Anders Behring Breivik
Anders Behring BreivikRetuers

Mass murderer Anders Behring Breivik gave the Nazi salute on Tuesday as he arrived in court for a parole hearing that will decide if he should be released after spending more than a decade behind bars, Reuters reported.

Breivik killed 77 people in an attack in Norway in July 2011. He killed eight with a car bomb in Oslo and then gunned down 69, most of them teenagers, at a Labour Party youth camp.

Breivik made a white supremacist sign with his fingers before raising his right arm in a Nazi salute to signal his far-right ideology as he entered the court.

He also carried signs, printed in English, including one that said "Stop your genocide against our white nations" and "Nazi-Civil-War".

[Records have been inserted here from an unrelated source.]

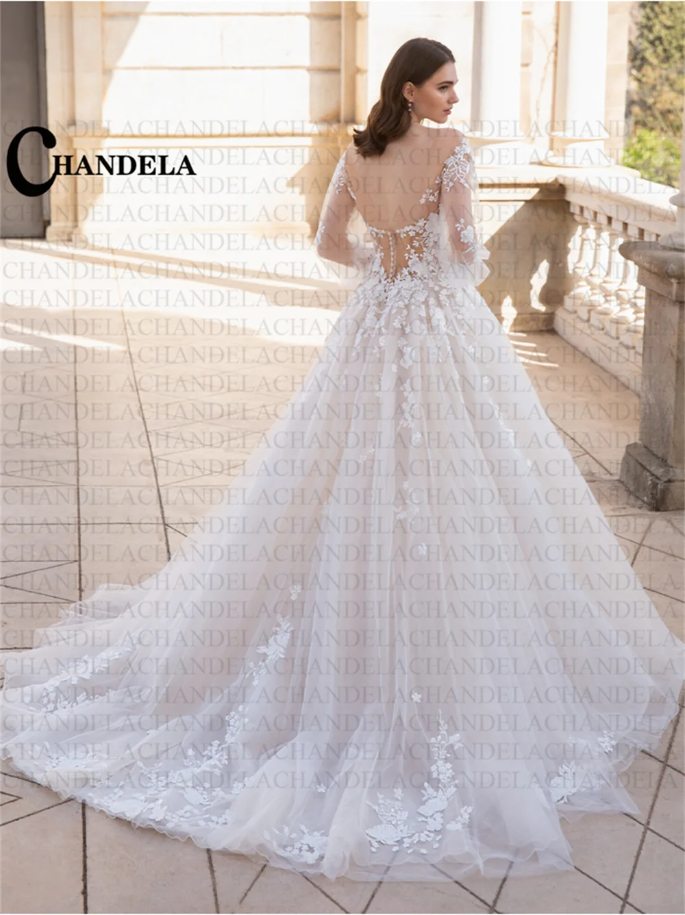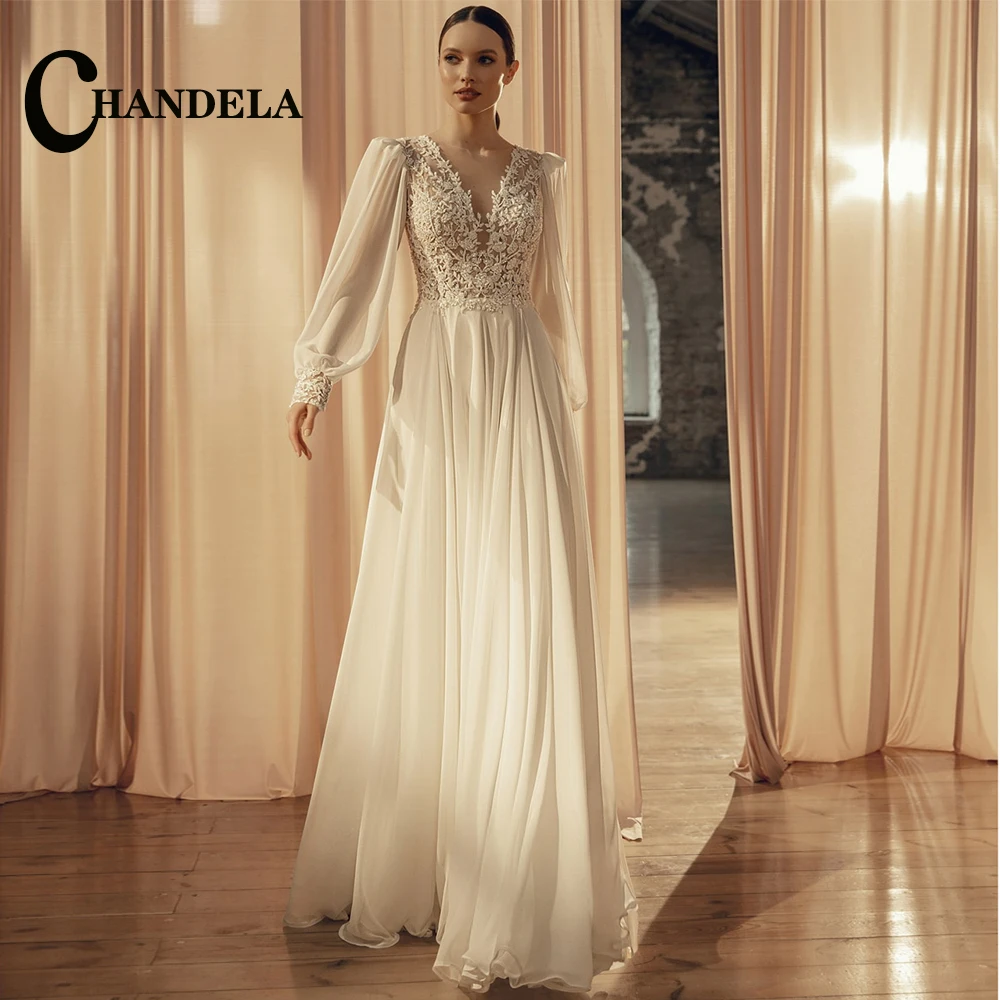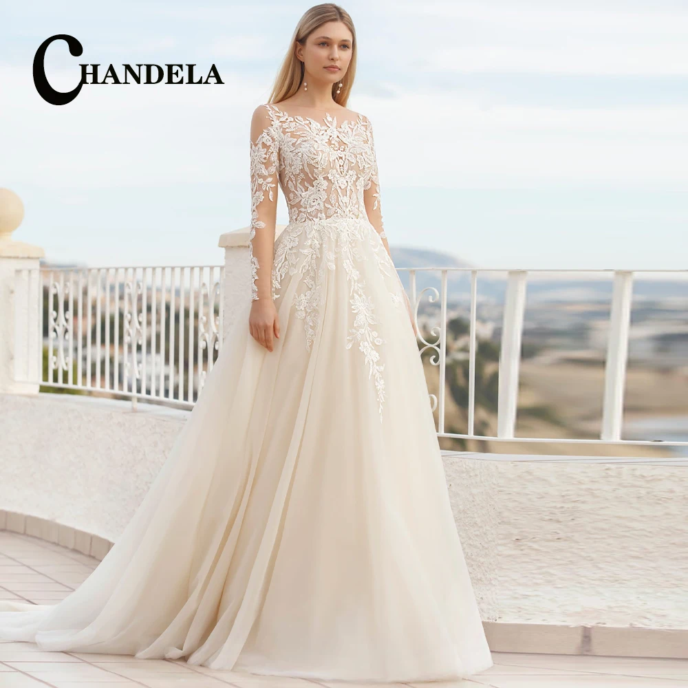 CHANDELA Graceful Wedding Dresses O-Neck Long Slee…
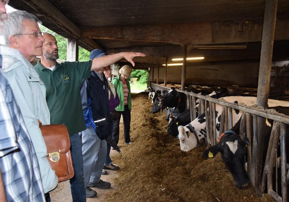 Information über schwarzbunte Kühe, die Tücken des Milchmarkts und Kälberaufzucht direkt vom Fachmann. Olaf Pank, im grünen Hemd, erklärt, warum die Kühe enthornt werden müssen, warum ein Bulle mitläuft und was im Futter ist. GEA-FOTO: GEIGER
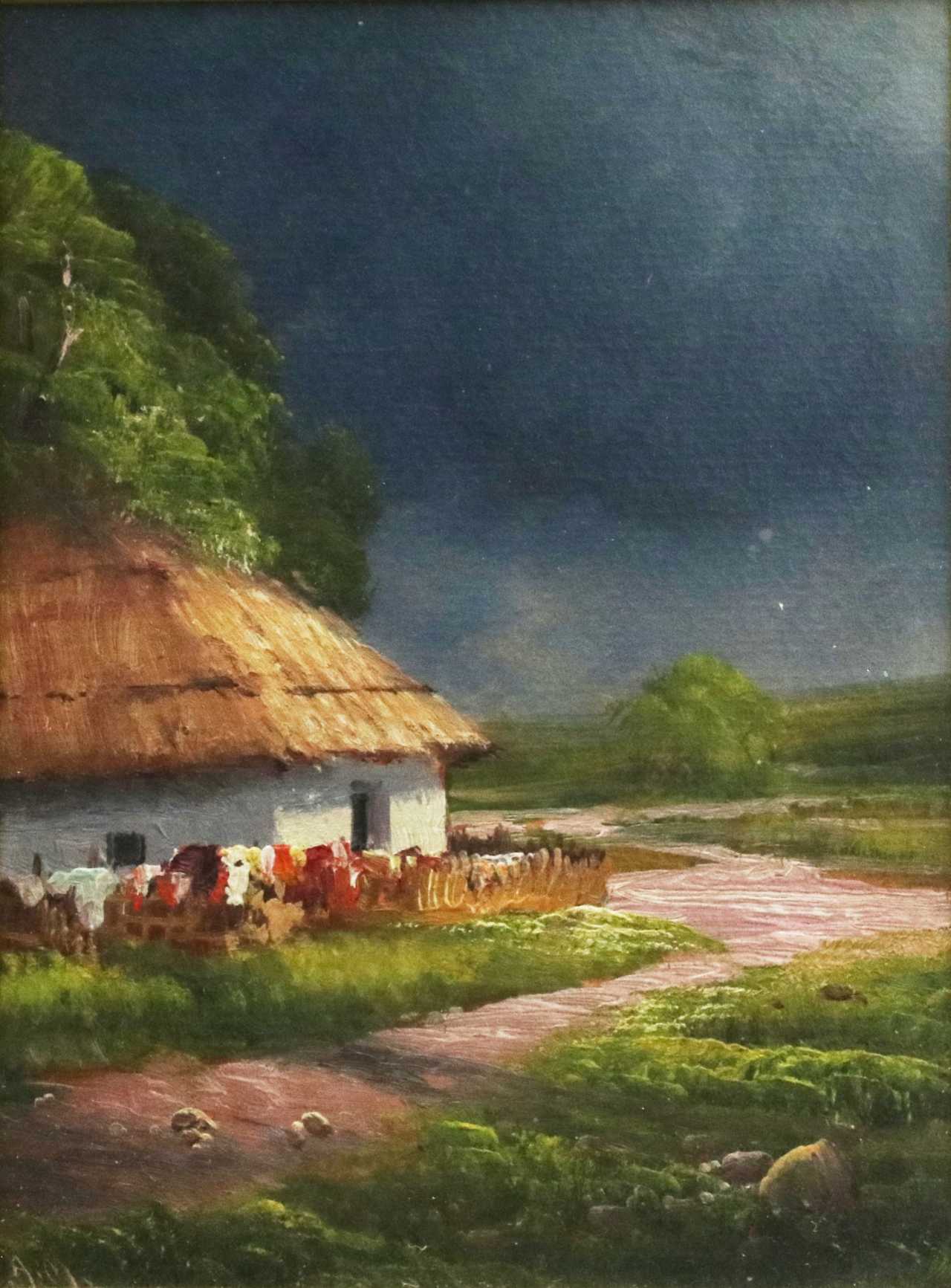 Перед дождем. Вид на проселок и украинскую хату. Атмосферный пейзаж с синью дождевой тучи, над ещё залитым солнцем проселком, опоясывающим угол украинской хаты, на плетени которого, сушится бельё. Справа в низу: А.М. По М.Б.Иткину возможно Х.А.Брендекильде начало 20 века. Размер работы: 15х11 см.

He was later told to stop displaying them as the prosecution presented its case.

Breivik shook his head as the prosecution made its case, which included a passage from the original 2012 verdict which said that even after serving for 21 years in prison the defendant would still be a very dangerous man.

His lawyer, Oeystein Storrvik, has said Breivik is intent on eventually securing his release.

Addressing the court, Breivik blamed his crimes on online radicalization and claimed, "I was brainwashed."

Tuesday's hearing was Breivik's first public appearance since 2017, when he also displayed Nazi salutes in court. He made the same gesture in 2016, when he made his first public appearance since his 2012 sentencing.

Shortly after the court in Norway sentenced him in 2012, Breivik apologized for not having murdered more people. He has also insisted he would massacre his 77 victims all over again if he had the opportunity.